Steve Kaplan

Personal information
- Nationality: American / Israeli
- Listed height: 6 ft 6 in (1.98 m)

Career information
- High school: Collingswood (Collingswood, New Jersey)
- College: Rutgers (1969–1972)
- NBA draft: 1972: undrafted
- Position: Small forward

Career history
- ?–?: Hapoel Ramat Gan

Career highlights
- As player: 5× Israeli Premier League Top Scorer (1974–1978);

= Steve Kaplan (basketball) =

American-Israeli basketball player

Steven Mark Kaplan (סטיב קפלן) is an American-Israeli former basketball player and coach. Kaplan played 14 seasons in the Israel Basketball Premier League. He played the forward position. He is 8th all-time in career points in the league.

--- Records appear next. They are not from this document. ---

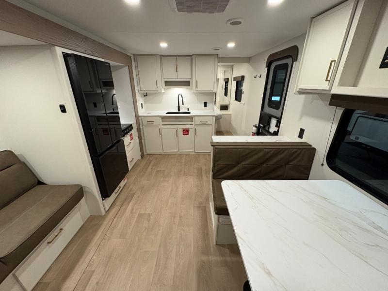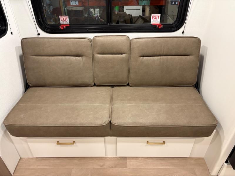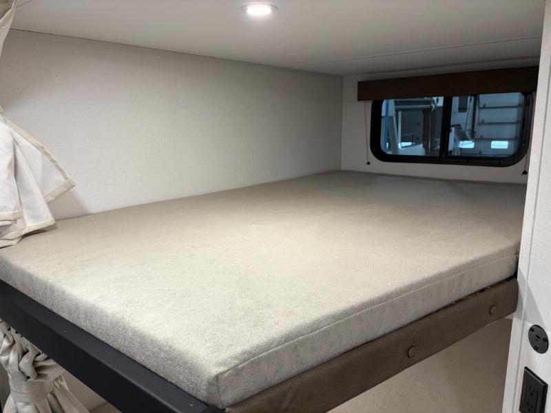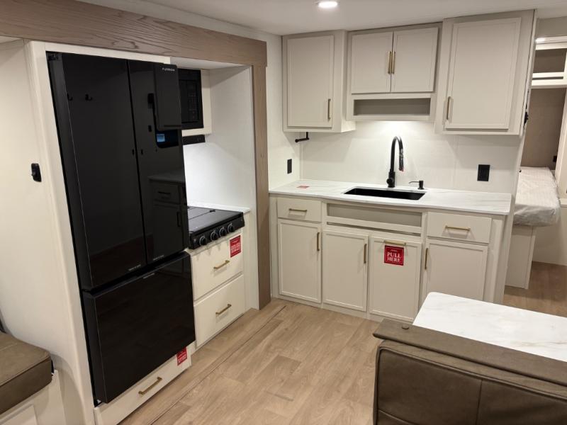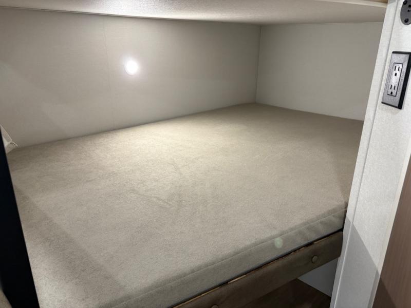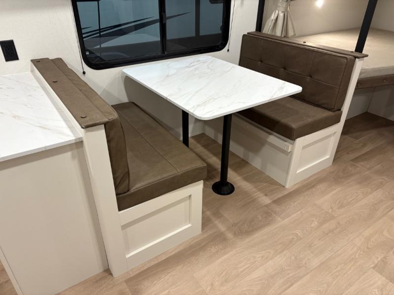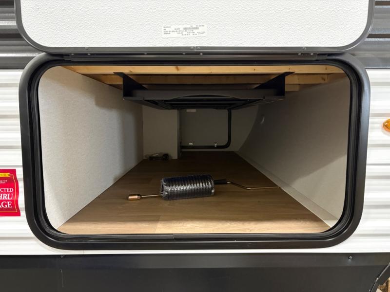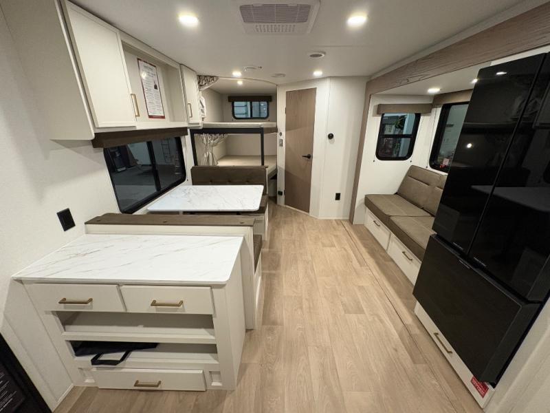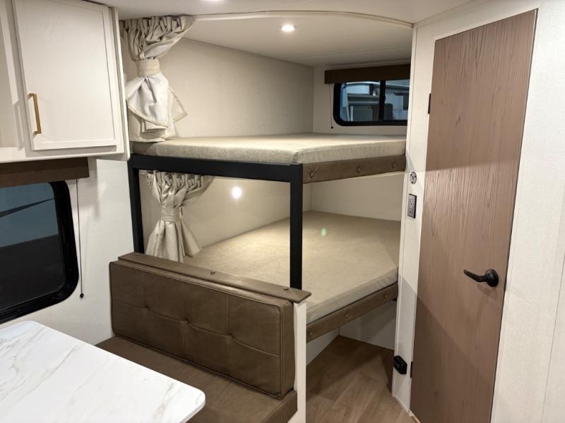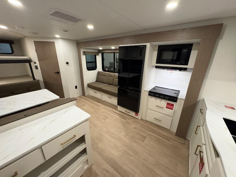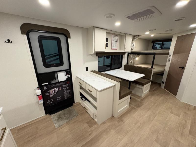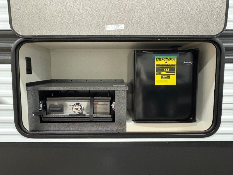 Camping with your larger family or when you want to take along a few extra friends is easy with this trailer. This unit sleeps nine with the double-size bunks in the rear corner, the 60" roll over sofa, and the queen bed in the front semi-private bedroom. The booth dinette can also be used to sleep a guest or two little ones at night once converted. Prepare your meals on the three-burner cooktop indoors, or out on the two-burner cooktop at the outside kitchen! You'll also find a handy exterior spray port and an outdoor refrigerator for cold drinks! It will be so easy to fill the dog's food bowl with the added pet dish under the refrigerator, and the full bath in this model means you don't have to use the camp's facilities. Having a 17' awning outside along with a large unobstructed pass-through compartment allows you extended living outdoors and plenty of space for all of your gear!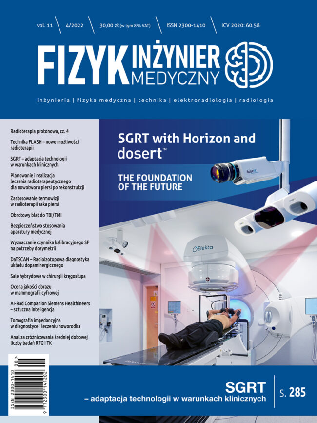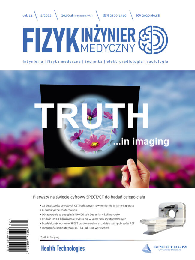 PEŁNE WYDANIE: https://sklep.inzynier-medyczny.pl/ spis treści Sympozjum Naukowo-Szkoleniowe – RWS 2022 Zarządzanie kadrą specjalistów w dziedzinie inżynierii klinicznej Podyplomowe szkolenie fizyków medycznych – i co dalej? Rola fizyka medycznego w procesie weryfikacji obrazowej pacjentów w trakcie radioterapii Radioterapia protonowa, cz. 5: Pozycjonowanie pacjenta w radioterapii protonowej nowotworów zlokalizowanych poza narządem wzroku Tomografia spektralna Pomiar mechanicznego…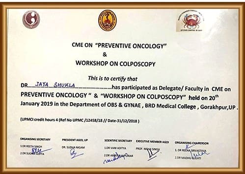 • Attended workshop on Colposcopy and CME on preventive oncology in 2018.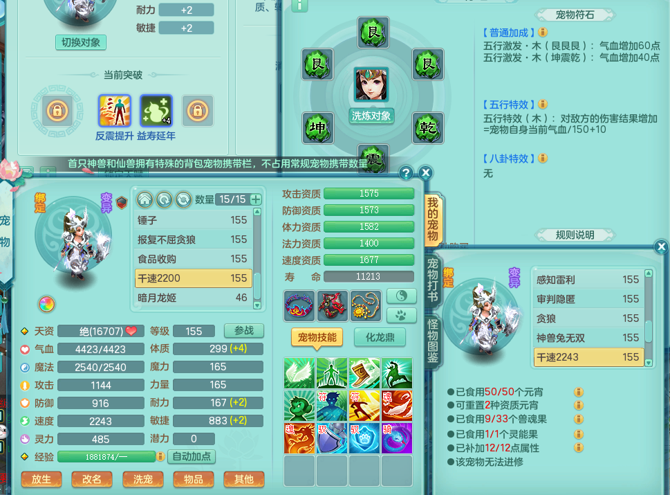 hh8777 花好月圆 159 无量 4位靓号 双飞坐骑 精灵悟 满星穹 5.5化龙鼎 月卡151天 特殊(双星、)3内龙 2内神 2宠物皮肤 7觉醒 7个真6字 14+满果子 2980邮箱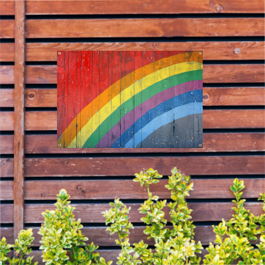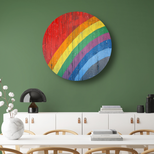 Abstracte Regenboog op Houten Paneel aluminium muurcirkel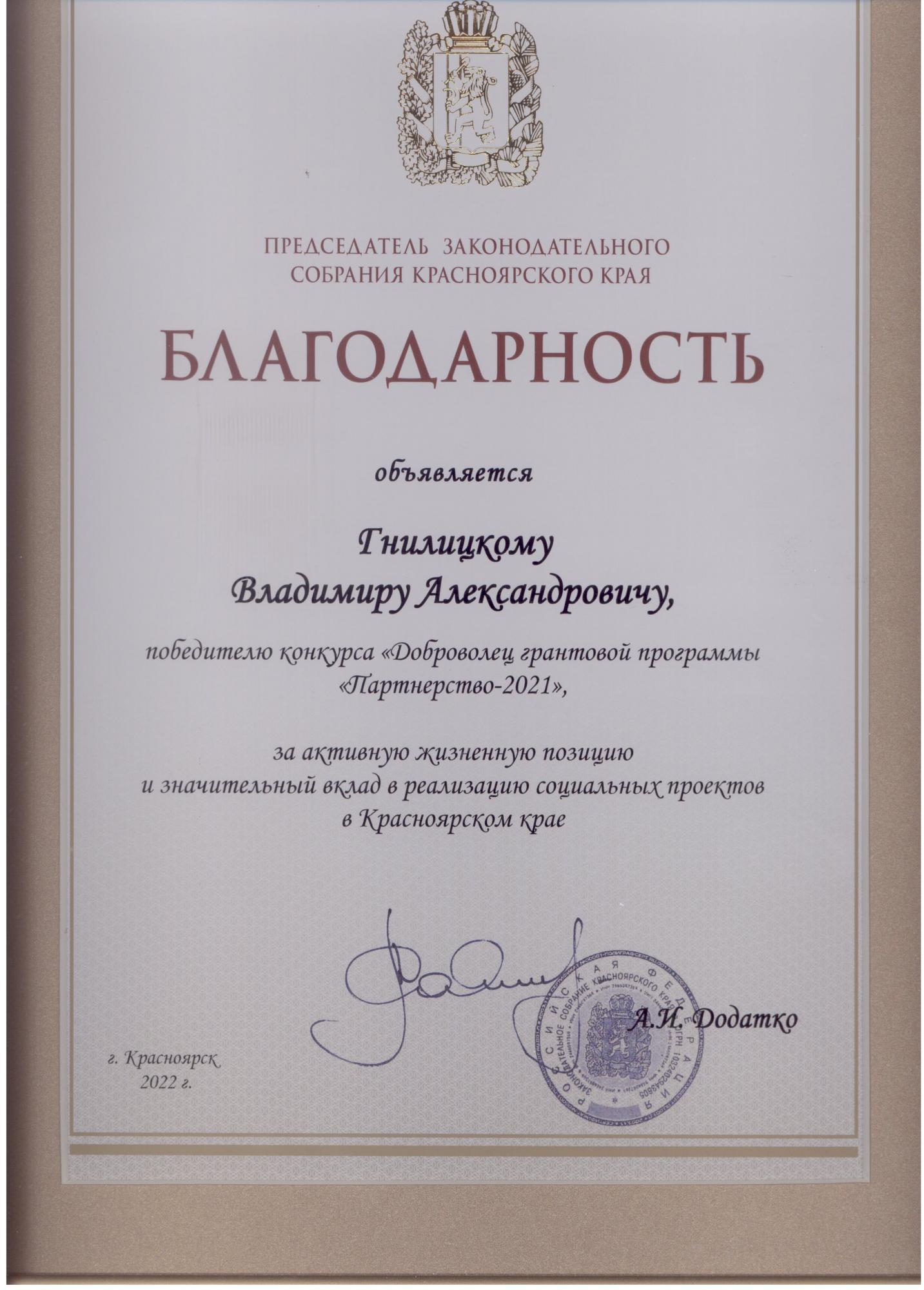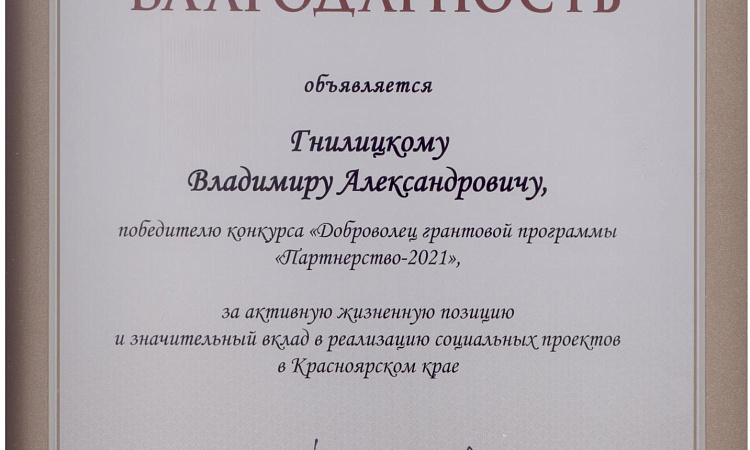 28 октября в Краевом дворце молодежи прошло торжественное награждение победителей конкурса на присуждение премии «Доброволец грантовой программы «Партнёрство-2021». По итогам заседания экспертного совета были определены 20 победителей, среди которых студент Красноярского техникума железнодорожного транспорта КрИЖТ ИрГУПС группы Д 9-19-1 Владимир Гнилицкий. Владимир награжден за весомый волонтерский вклад в реализацию социального проекта «Отрыв от цивилизации» в 2021 году и награжден премией в 10000 рублей. Поздравляем и желаем новых успехов!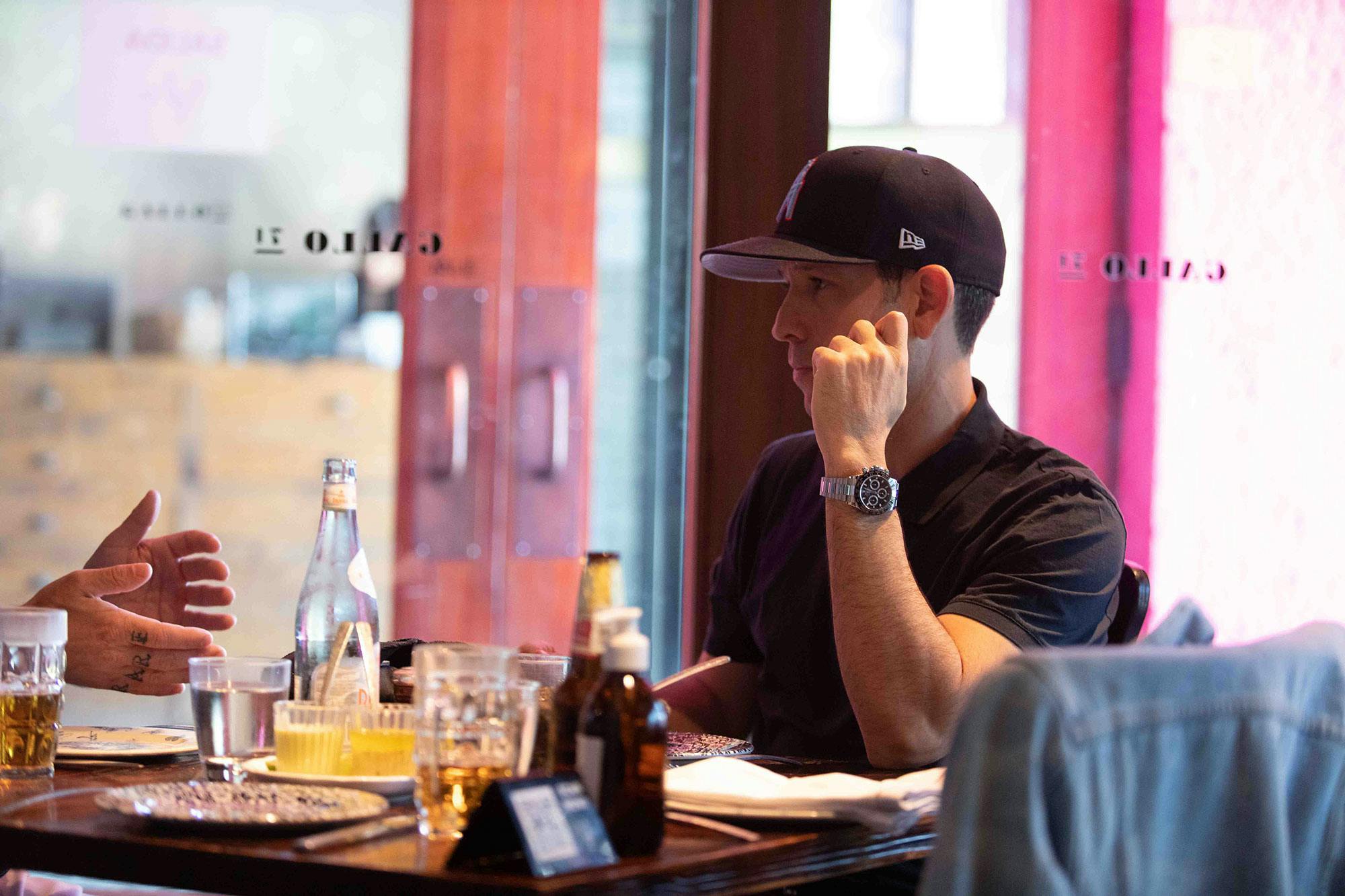 It’s 7PM before Nain and I have dropped our bags at the hotel and walked across the street to meet Gabriel Santos Elizondo, or Gabe, at an upscale Japanese restaurant. Clean shaven and fit in an Astros cap, large silver watch, and denim coat, Gabriel is dressed like a baseball fan who can afford box seats. He sits alone in the amber glow of the back patio and greets us with enthusiasm.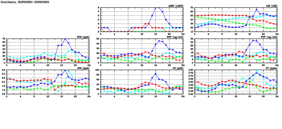 Air Quality Data Time Series in Southern (2025/09/23) | ( Line colors: Day -3 Day -2 Day -1 Current day ) | 2D Map Current AQHI |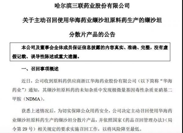 7月16日,哈尔滨三联药业发布公告,宣布召回使用了华海药业的原料药生产的缬沙坦分散片。

==Early and personal life==
Kaplan is Jewish, and has dual American-Israeli citizenship. He grew up in Collingswood, New Jersey and played prep basketball at Collingswood High School. He is 6 ft 6 in tall. He served in the Israel Defense Forces, moved to Ramat Gan, Israel, and is married to Israeli-born Irit Kaplan. His son Tom Kaplan played for the Israel 17-under national basketball team, and attended Monmouth University.

==Basketball career==
Kaplan played basketball for Team USA in the 1969 Maccabiah Games winning a silver medal alongside Ronald Green, Jack Langer, and Neal Walk, and for Team Israel in the 1977 Maccabiah Games.

He attended Rutgers University-New Brunswick ('72). Kaplan was captain of the Rutgers basketball team in his senior year. In his Rutgers career, he averaged 16.4 points and 7.6 rebounds per game, with a 48.2 field goal percentage and an 88.8 free throw percentage (the second-highest in school history). His .927 free throw percentage in 1989–90 is the highest in Rutgers history.

Kaplan played 14 seasons of professional basketball in Israel with Hapoel Ramat Gan, in the Israel Basketball Premier League. He is 8th all-time in career points in the league, with 5,913.

He also played on the Israeli national basketball team, and competed in EuroBasket 1979, in which the Israeli national team won the silver medal, its greatest achievement of all time.

After his basketball career, Kaplan became the director of logistics for a chemical company.